L’uomo dal fiore in bocca al Teatro Quirino, la bellezza della quotidiana banalità
Un assordante strepito di tuono squarcia il silenzio della platea e dà inizio al persistente temporale che accompagnerà tutto lo spettacolo. Comincia con questa battente (e reale) pioggia la travolgente rappresentazione de L’uomo dal fiore in bocca…e non solo di Pirandello, rivisitato, diretto e interpretato dal talentuoso Gabriele Lavia, attore e regista tra i più rappresentativi del teatro italiano degli ultimi quarant’anni. Il breve atto unico, in scena al Teatro Quirino fino al 18 dicembre, riprende non solo la nota opera teatrale pirandelliana, ma come suggerisce lo stesso titolo con l’aggiunta di quel …non solo, è arricchito da brani di altre novelle del drammaturgo siciliano che, come La morte addosso da cui l’opera è tratta, affrontano i temi cari a Pirandello, ovvero l’incomunicabilità tra gli individui, il rapporto tra uomo e donna (in modo particolare quello tormentato tra marito e moglie), il bisogno di esorcizzare le paure attraverso l’uso della maschera, e soprattutto la questione della morte, pressoché onnipresente in tutta la sua opera. Oltre all’uomo dal fiore in bocca magistralmente interpretato da un convincente Lavia, gli altri protagonisti sono un “uomo pacifico” dall’esistenza anonima e convenzionale (Michele Demaria) e una donna che si vede passare come un’ombra al di là della vetrata sullo sfondo (Barbara Alesse) che suggerisce la moglie dell’uomo e che è al contempo simbolo di morte, “donna e morte sono infatti figure inscindibili, quasi sovrapposte per Pirandello”.
La rappresentazione si svolge interamente all’interno di una sala d’aspetto di una stazione ferroviaria, riprodotta nei minimi dettagli da Alessandro Camera che ha creato un’imponente scenografia con tanto di polvere sui lampadari, talmente verosimile da rendere assolutamente impercettibile il confine tra realtà e finzione. Il pacifico avventore, a causa del temporale e dei numerosi pacchetti che porta con sé, perde il treno ed è costretto ad aspettare quello successivo nella sala d’aspetto insieme all’uomo che già si trovava lì seduto. Nelle due ore di attesa i due cominciano a colloquiare per ammazzare il tempo, ma la conversazione assume ben presto contorni profondi e complessi. Sotto un incombente orologio senza lancette e con il rumore di sottofondo di una pioggia battente, l’uomo si rivela all’avventore fino a confidargli ciò che lo affligge: una forma tumorale sul labbro (il fiore in bocca, come delicatamente lo definisce) che gli lascia poco tempo da vivere, inducendolo dunque ad indagare il mistero della vita e della morte con appassionata lucidità, a penetrarne l’essenza e riscoprire la bellezza e l’importanza di tutti quegli aspetti della vita apparentemente insignificanti e banali che riempiono ogni momento dell’esistenza.

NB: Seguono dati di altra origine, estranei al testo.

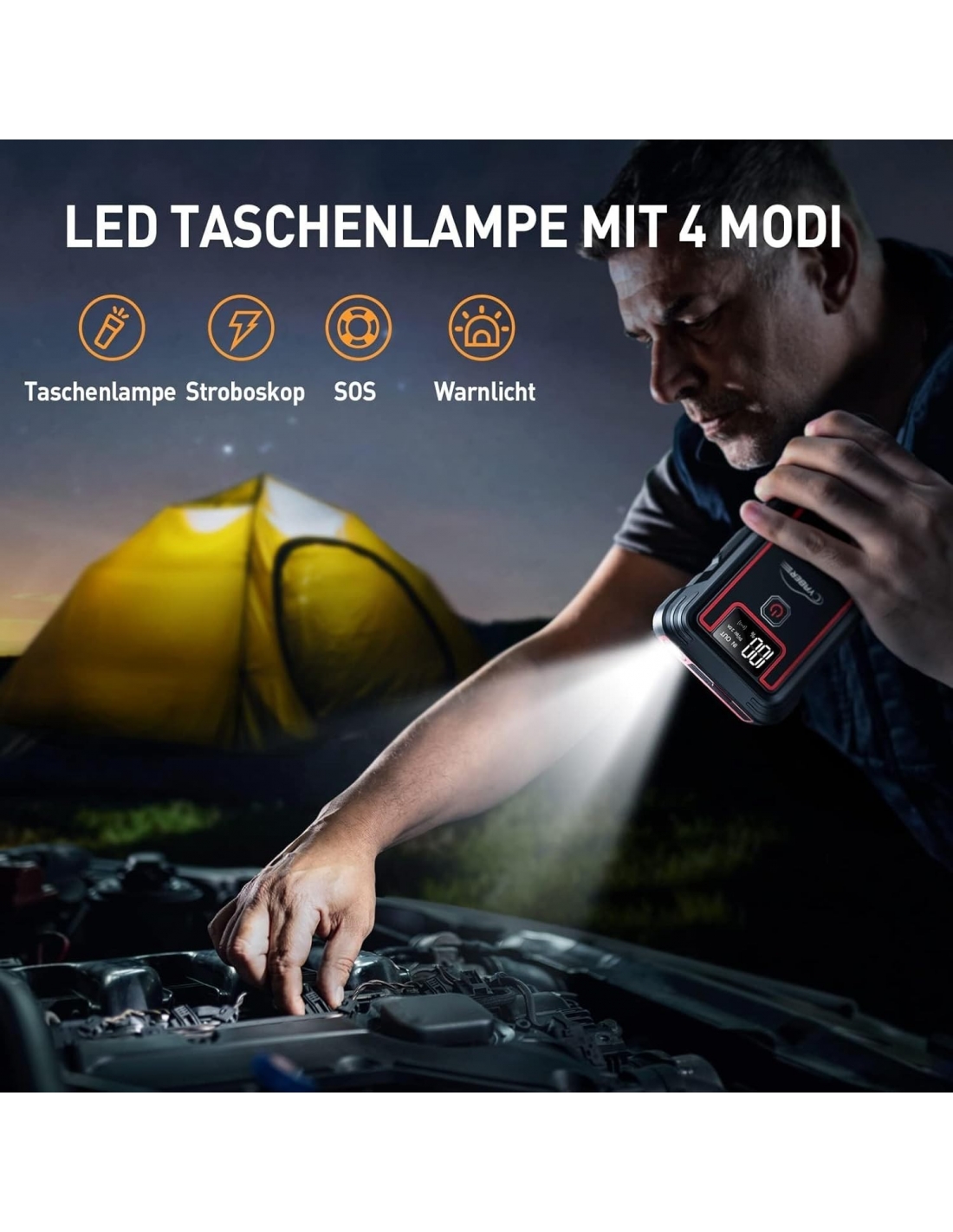 - 【FUNZIONI DI EMERGENZA】Questo booster avviamento auto può, inoltre, funzionare come torcia e spia luminosa. Ha una bussola d'emergenza e lo schermo LCD mostra la potenza rimanente e lo stato operativo dell'avviatore di avviamento. Le punte affilate in acciaio inossidabile possono rompere i finestrini del veicolo in caso di emergenza.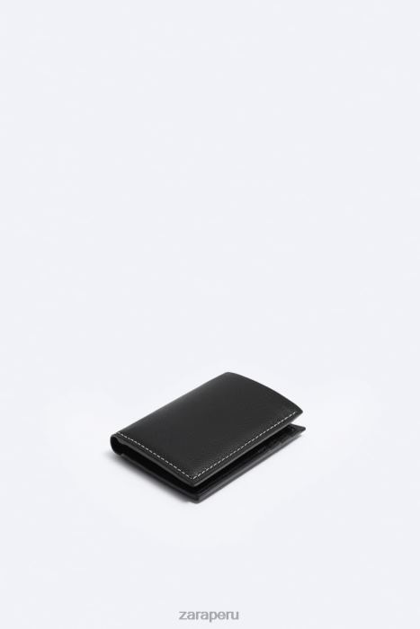 cartera y tarjetero en color liso. compartimento principal con bolsillo para billetes. Tres ranuras para tarjetas, en ambos lados. pespuntes contrastantes.alto x largo x ancho: 3 x 3,9 x 0,6 pulgadas (7,5 x 10 x 1,5 cm)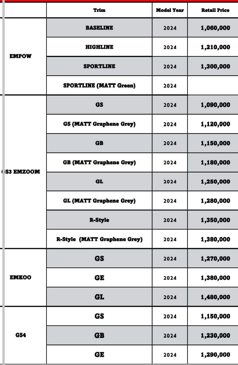 أخطرت شركة جميل موتورز، وكيل سيارات GAC، شبكة موزعيها المعتمدين بالأسعار الرسمية الجديدة لطرازات العلامة الصينية الفاخرة. وشملت القائمة أسعار سيارات GAC المتوافرة في السوق المصرية 4 طرازات هي: "GS3 EMZOOM-EMKOO-EMPOW-GS4".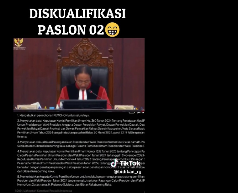 Independen.id -- Sebuah video beredar di akun media sosial Facebook dengan mengklaim bahwa Mahkamah Konstitusi (MK) telah memutuskan untuk mendiskualifikasi pasangan calon presiden-calon wakil presiden nomor urut 2, Prabowo Subianto-Gibran Rakabuming Raka.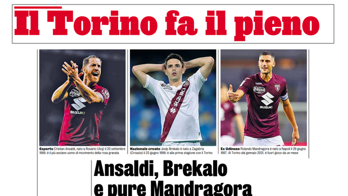 Torino, le ultime dal Filadelfia: ancora personalizzato per Ansaldi e Mandragora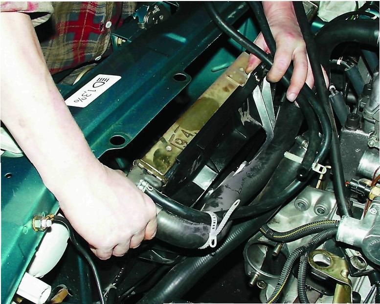 - Ослабляем хомут патрубка и снимаем его со штуцера.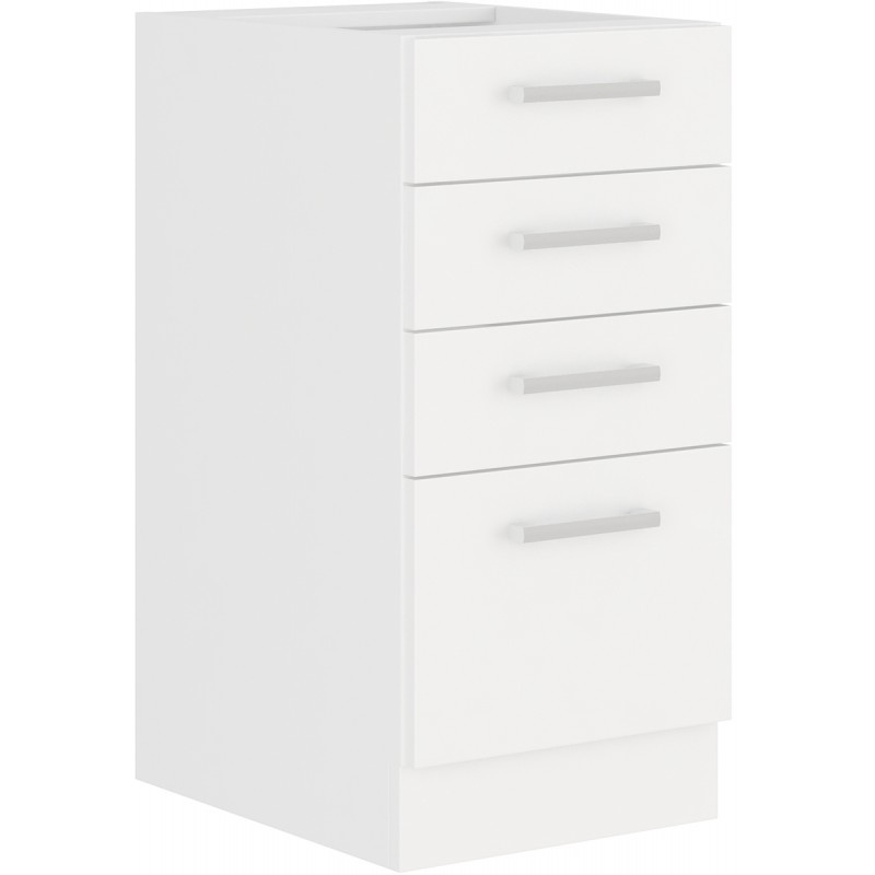 Spodní kuchyňská skříňka je vyrobena z lamina tloušťky 16 mm bílé barvy. Tato skříňka se skládá ze tří nižších a jedné vyšší zásuvky. Na ty si můžete buď horizontálně nebo vertikálně namontovat kovové či plastové úchytky (délka 140 mm). Skříňka je vyrobena z kvalitních MDF desek. Dvířka jsou vybavena systémem tichého zavírání. Poskládejte si z naší bohaté nabídky skříněk moderní a designovou kuchyň podle Vašich představ. Skříňka je dodávaná v demontu. Součástí je montážní plánek včetně všech potřebných spojovacích materiálů.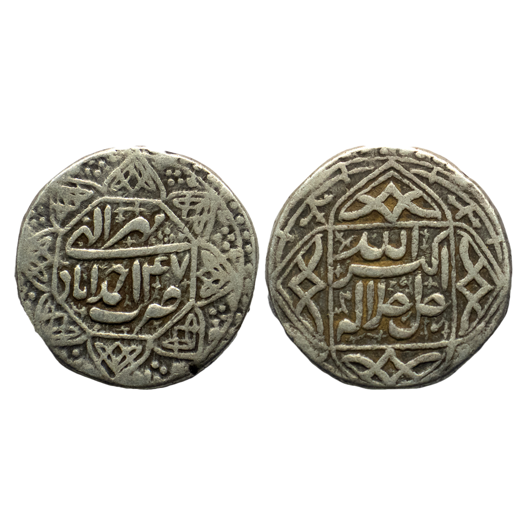 Mughal, Akbar (AH 963-1014, 1556-1605 AD), Silver Rupee, 11.39 gms, Ahmedabad Mint, Ilahi Month Mihir, Year 47, ornamental border on both sides, KM # 94.2, very fine+, very rare in this flan size and central strike.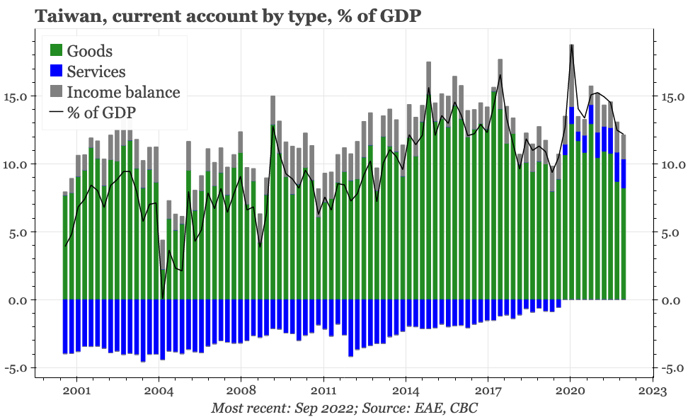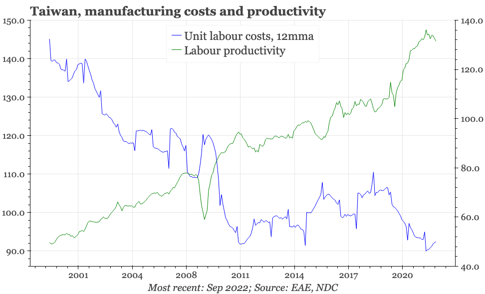 With the current account surplus going into the pandemic so big, Taiwan's international competitiveness was already sharp. With the flip side to the rise in labour productivity being a fall in unit labour costs, there is certainly no reason to think that competitiveness is now being eroded. The external surpluses have deteriorated as the import fuel bill surged. But unlike in Korea and Japan, Taiwan's trade balance has remained firmly in the black, and that in turn kept the current account surplus at more than 10% of GDP in Q3.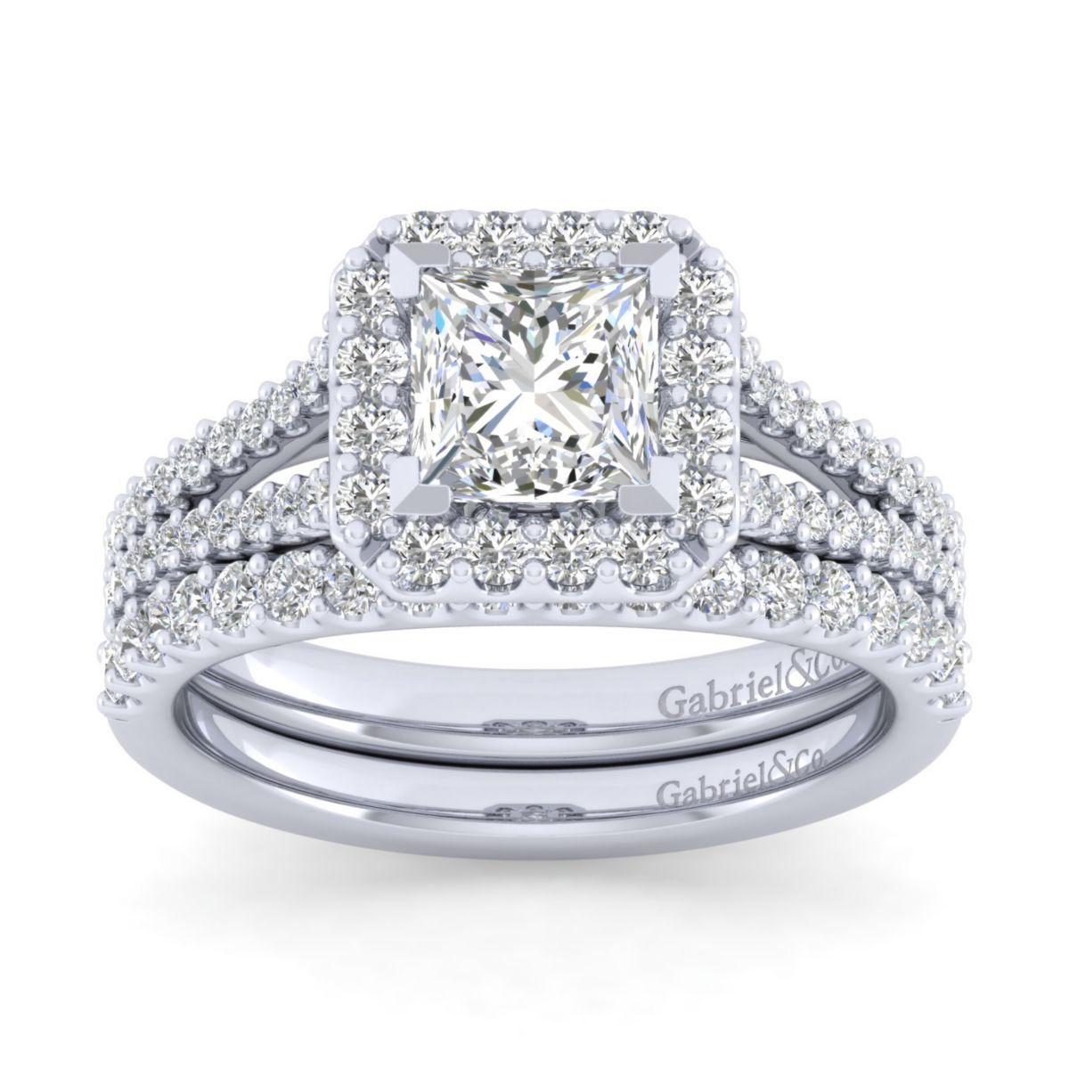 HOME / Gabriel & Co. 14k White Gold Contemporary Halo Engagement Ring

L’imminente vicinanza della fine fa cogliere all’uomo la meraviglia dei più minuti gesti quotidiani, come la minuzia dei commessi di negozio nell’impacchettare la merce venduta. Un’urgente meditazione sulla vita che è di conseguenza intima e intensa considerazione sulla morte, sul suo mistero e sulla necessità di esorcizzarla, sull’enigma della Donna come essere irrinunciabile e sull’incanto di certi piccoli particolari che nella loro banalità conferiscono senso stesso all’esistenza.
In questo spettacolo tutto è incredibilmente reale: la stazione, gli spari, il treno che parte, la pioggia e i tuoni, i vestiti bagnati dei personaggi e quel senso di inadeguatezza che tutto pervade, nell’incapacità di spiegare l’insensatezza e la meraviglia di questa esistenza, sforzo del tutto inutile per noi comuni mortali poiché come scriveva lo stesso Luigi Pirandello “la vita non si spiega, si vive”.